By clear and express stipulation in a through bill of lading or waybill, however, parties to a shipping contract may agree to extend COGSA’s terms, defenses and limitations to an entire, multimodal shipment. Norfolk Southern R.R. Co. v. Kirby, 543 U.S. 14, 29, 125 S.Ct. 385, 160 L.Ed.2d 283 (2004) (“COGSA permits [the parties] to extend the default rule to the entire period in which [the goods] would be under [the carrier’s] responsibility, including the period of the inland transport.”). Only upon such an agreement will COGSA cover “both the ocean and inland portions of the transport”. See Kawasaki Kisen Kaisha Ltd. v. Regal-Beloit Corp., 561 U.S. 89, 94, 130 S.Ct. 2433, 177 L.Ed.2d 424 (2010).

In this case, ATS contends that COGSA governs its inland transport of the DSC because it was hired to deliver the DSC to Wallenius as part of a single, through shipment and Wallenius’ standard waybill (which never issued) includes a provision expressly extending COGSA to all modes of transportation utilized during the through shipment. This Court finds that argument unavailing. Essentially, Wallenius never issued any waybill because the submarine caught fire before it arrived at the Port of Baltimore. Nor did it or Ridgeway USA issue any other document containing contractual language expressly extending the application of COGSA to ATS. Absent such a contract, COGSA is inapplicable to the inland transport of the DSC by ATS.

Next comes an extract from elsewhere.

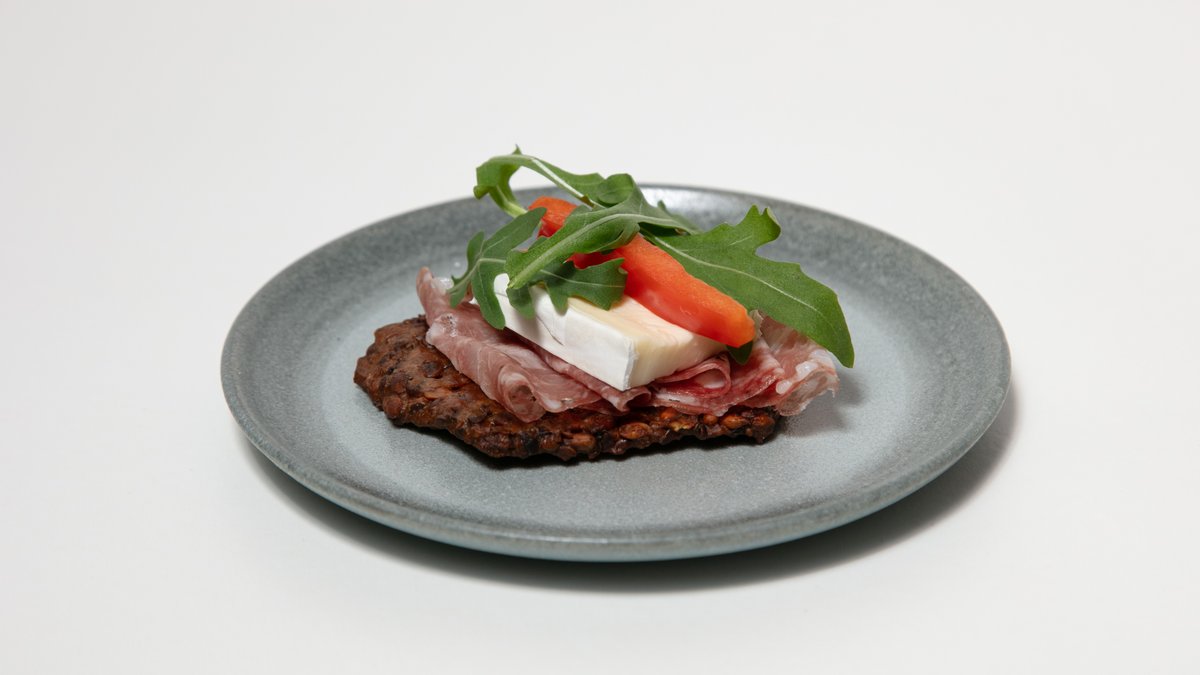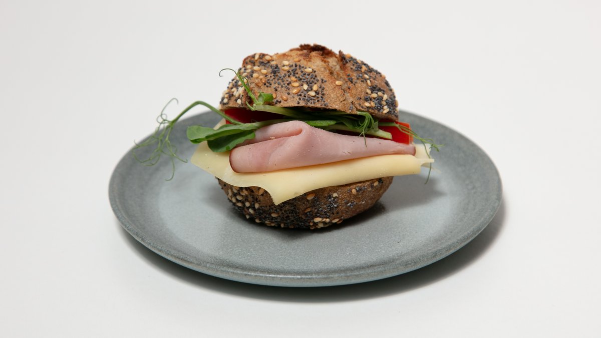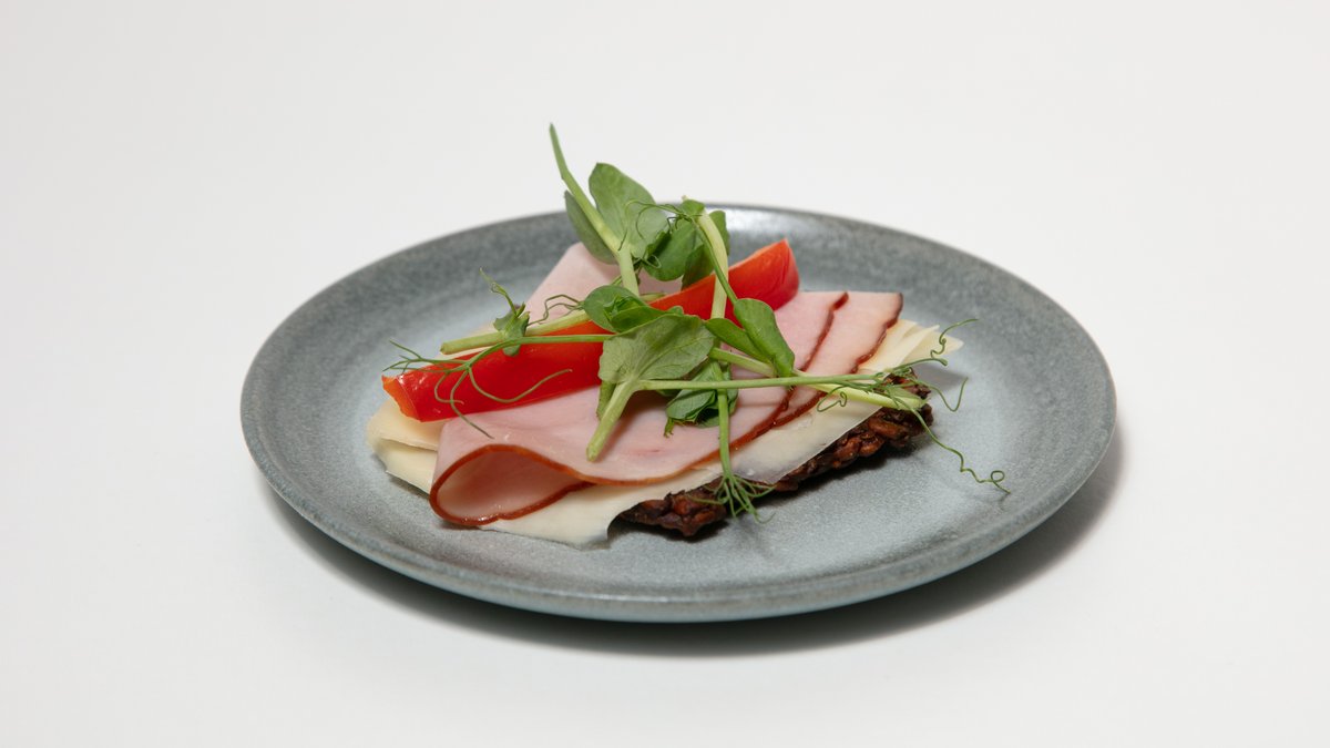 Fröknäcke fritt från gluten med rökt skinka, grevé och paprika.

The Court is also unpersuaded by the argument of ATS that Wallenius’ unissued, standard ocean waybill governs this dispute. Although courts have concluded that unissued bills of lading may be enforceable in certain circumstances, those circumstances are absent here. Specifically, other courts have held that parties may be bound by the terms of an unissued standard bill of lading or waybill
where a shipper has common business experience with carriers such that it should know a carrier will issue a custom bill of lading … [and the] shipper has knowledge as to the contents of a carrier’s standard bill of lading.
OOO Garant-S v. Empire United Lines Co., No. 11-cv-1324, 2013 WL 1338822, at *3 (E.D.N.Y. Mar. 29, 2013). Here, however, ATS has proffered no evidence showing that the parties had any prior dealings with Wallenius and/or any other reason to know the contents of its standard waybill. For that reason, the parties are not bound by the unissued bill’s terms.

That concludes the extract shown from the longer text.